• Sat
  • Nov 1, 2014
  • Updated: 5:21am

Michael Church in South Africa

PUBLISHED : Saturday, 19 June, 2010, 12:00am
UPDATED : Saturday, 19 June, 2010, 12:00am

When South Africa won the right to host the 2010 World Cup six years ago, the promise was of an influx of foreign visitors and a significant boost to the local economy. Inside the confines of the Gold Reef City casino, however, there's an air of a house with the lights turned on and the television left at full volume, but with the occupants having vacated the building.

The sound coming from a flatscreen TV in the corner broadcasting Mexico's clash with France echoes across the hallway and it's only when Javier Hernandez opens the scoring for the Mexicans that it becomes apparent the building isn't empty.

Several isolated, anguished cries bounce off the walls above the dull, musical ding of the poker machines as fans of South Africa - drawn in the same group as Mexico and France and desperately hoping for a draw - lament the impending downfall of the home nation's hopes.

Walking around the casino, it feels like it has barely been touched by the World Cup, save for a few stragglers left over from South Korea's loss to Argentina who have yet to leave after perching themselves at a blackjack table hours before.

It's not exactly a ghost town, but the casino floor is most certainly not benefiting from the influx of foreign visitors, many of whom are attending matches at the nearby Soccer City, the tournament's centrepiece stadium.

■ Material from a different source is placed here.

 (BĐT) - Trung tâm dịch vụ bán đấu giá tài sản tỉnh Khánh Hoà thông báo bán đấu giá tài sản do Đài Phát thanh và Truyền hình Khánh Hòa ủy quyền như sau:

'When there are games on at the stadium, we get people coming in,' says Thabang, a waiter in one of the restaurants that surrounds the gaming floor. 'They go to the tables, they lose two or three thousand and then come back here and have lunch before going to the game. So, sometimes it's a little bit busy, but not as much as we had expected.'

The cold weather that has enveloped the country during the competition has done little to help boost the number of people coming through the doors of the resort, one of two casinos in the confines of Johannesburg.

Temperatures on Thursday evening plummeted to minus three degrees Celsius in the city - one of the lowest on record - to make this the coldest World Cup ever. Elsewhere in the country the mercury dropped even further, with temperatures of minus 10.3 degrees recorded.

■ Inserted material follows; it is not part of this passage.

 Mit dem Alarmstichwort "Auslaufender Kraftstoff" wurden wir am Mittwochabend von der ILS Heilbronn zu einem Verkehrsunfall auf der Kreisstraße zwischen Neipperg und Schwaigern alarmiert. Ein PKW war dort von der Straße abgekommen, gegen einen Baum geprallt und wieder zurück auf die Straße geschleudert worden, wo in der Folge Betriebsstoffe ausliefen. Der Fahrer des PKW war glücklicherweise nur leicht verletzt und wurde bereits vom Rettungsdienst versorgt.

To the cynical, it seems everything is starting to conspire against the South Africans as this World Cup completes its first full week of action.

'There's hardly been anyone here,' says Bongane, who works as a bouncer. 'There might be more people at the other casinos, but in here it's just the same as it always is, we've not seen as many people coming in from other countries like we had hoped.

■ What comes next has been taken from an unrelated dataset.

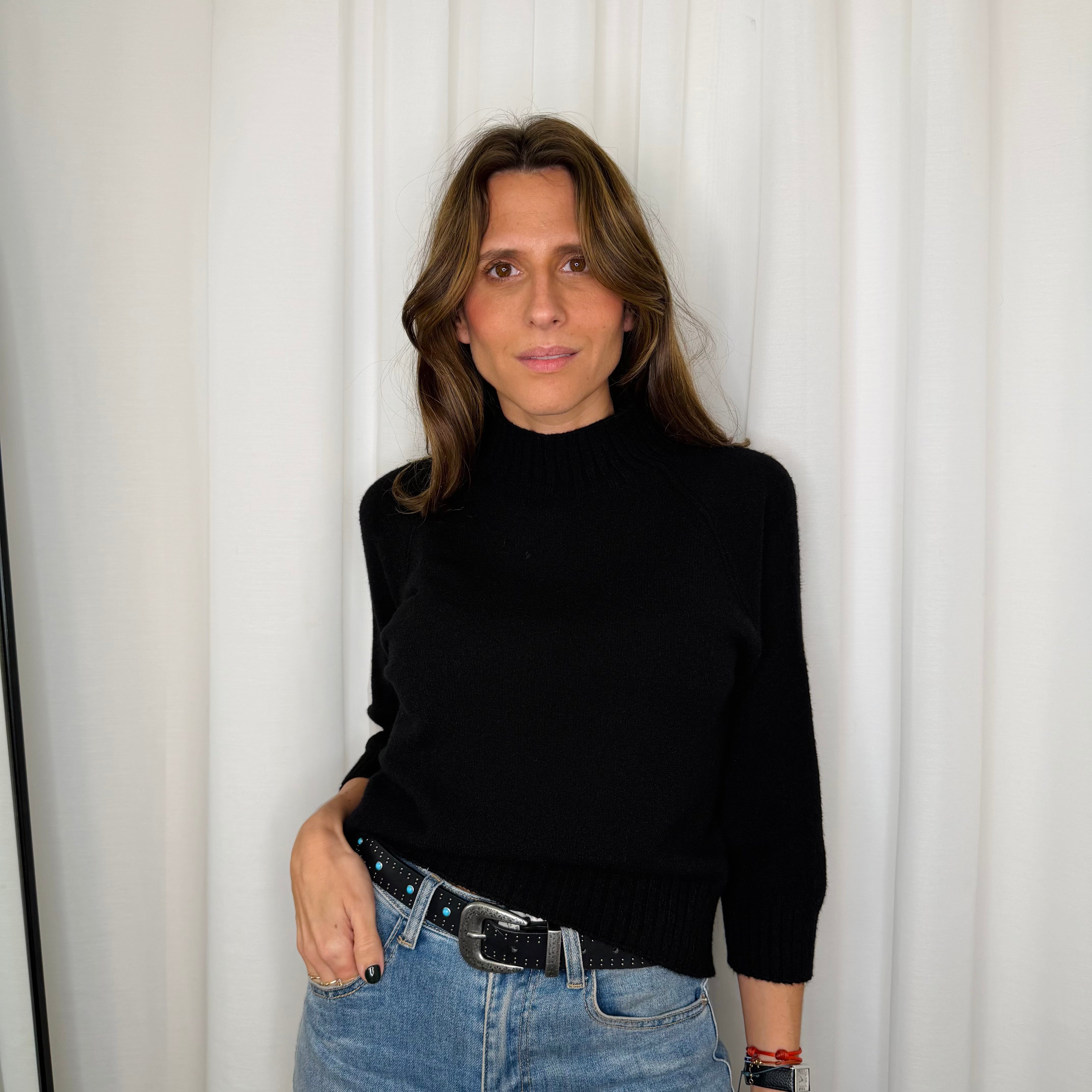 Camisola em malha. Meia gola. Manga 3/4. Gola, cós e punhos canelados.

'It doesn't help that Bafana Bafana are struggling. People aren't going to want to come out if the team are losing or aren't in the competition any more. It looks like we only have one more game and then the World Cup is over for us.'

The impending exit of the home team could have a detrimental impact on the tournament, aside from the slight it delivers on Carlos Alberto Parreira's players as they become the first host team to fail to progress beyond the group stages in the competition's history.

No World Cup has ever had to deal with the loss of the hosts so early and, with the mood of the country certain to change, their elimination moves Africa's first World Cup into unchartered territory for Fifa. Gone already is the optimism that swept many along before the tournament kicked off, and in its place is a dose of realism and - not surprisingly - finger pointing.

'We're just not good enough,' says Nick, a paramedic. 'This is the level of South African soccer. The big problem was Joel Santana [the former South Africa coach who was fired in October last year]. He earned US$2.5 million a year and what did we get? What did he put back? Nothing. That's why we are where we are now.'

South Africa's exit is only the latest problem in what has been a tournament beset by issues but which has, by and large, not been heavily criticised due to the enormous amount of goodwill bestowed upon the hosts. Infrastructure issues abound, with many of the projects that were initially presented to Fifa in South Africa's bid book reneged upon. As a result, travelling around the country is problematic with a limited train system that does not service the entire nation.

South African Airways has laid on extra flights to handle the demand for passengers between the major cities but it remains impossible - save for a 450-kilometre trek by car - to travel between venues such as Nelspruit and Rustenburg. In Johannesburg, gridlock has greeted fans on their way to Soccer City on match day, with many supporters incapable of reaching the stadium on time for kick-off after sitting in traffic for as long as three hours.

And then there's the prickly issue of security. The country's image has not been helped by reports of security staff protesting after being paid wages significantly lower than those initially promised.

The sight of South Africa's police force taking control of security at four venues - including Soccer City - has done little to instil faith in the organisers' promises of a trouble-free World Cup.

So far, the 2010 World Cup has passed off without major incident, but that may well have been as much through good fortune as it was design.

No matter who has been manning the security detail, it has not been unusual to enter a stadium without being screened at all; even on the occasions when metal detectors are used, there is a sense they are not being operated correctly. Beeps abound at every checkpoint as spectators walk through the machines but there are rarely any follow-up searches.

The mood in general has shifted - subtly for now - as the World Cup has fallen short of delivering what many had hoped it would, both on and off the field. It's taken only a week for the optimism to evaporate into the cold, dry South African winter air.